Abstract P1-13-01: A randomized trial of CEF versus dose dense EC followed by paclitaxel versus AC followed by paclitaxel in women with node positive or high risk node negative breast cancer, NCIC CTG MA.21: Results of the final relapse free survival analysis.

550 Background: CEF and AC followed by paclitaxel (AC/T) are commonly used adjuvant regimens in women with early breast cancer. In a trial conducted by the EORTC, NCIC CTG, and SAKK three months of dose-dense EC was equivalent to six months of CEF in women with locally advanced breast cancer. We hypothesized that three months of a taxane following dose-dense EC would be superior to CEF alone or AC/T. The results of a planned interim analysis were presented in San Antonio 2006 (Abstract #53).
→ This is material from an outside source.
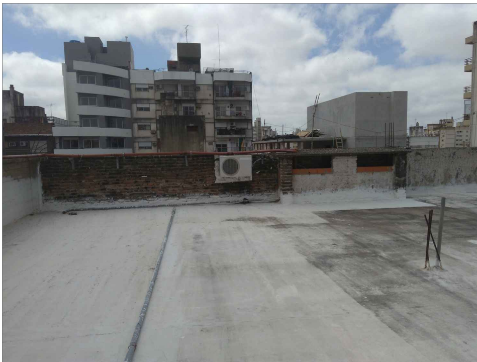
DETALLE 2 mojinete este a revocar

UNIVERSIDAD TECNOLÓGICA NACIONAL Facultad Regional Rosario

We now present more detailed results on efficacy and toxicity. Methods: Women 60 years of age or younger, with axillary node positive or high risk node negative breast cancer were randomized to CEF, EC/T or AC/T for six months. Results: Between December 2000 and April 2005, 2104 patients were enrolled. The median follow-up is 30.4 months. Hazard ratios for recurrence are: AC/T vs. CEF, 1.49 (95% CI, 1.12–1.99), p=0.005; AC/T vs. EC/T, 1.68 (95% CI, 1.25–2.27), p=0.0006; and EC/T vs. CEF, 0.89 (95% CI, 0.64–1.22), p=0.46. Three year recurrence-free survival rates for CEF, EC/T, and AC/T are 90.1, 89.5 and 85.0%, respectively. There was no significant interaction between ER status and treatment. Multivariate analysis of predictive factors will be presented. The numbers of deaths are 50 (CEF), 47 (EC/T) and 65 (AC/T). There was more toxicity in CEF and EC/T compared to AC/T. Conclusion: AC/T given every three weeks, although less toxic is significantly inferior to CEF or EC/T in terms of relapse-free survival. It is too early to detect any difference between CEF and dose-dense EC/T. Our results indicate that there is still room to explore anthracycline and taxane adjuvant chemotherapy regimens. Supported by: NCI Canada and Canadian Cancer Society, Pfizer, Bristol-Myers Squibb, Amgen, Janssen Ortho, Ortho Biotech, and NCI US. [Table: see text] No significant financial relationships to disclose.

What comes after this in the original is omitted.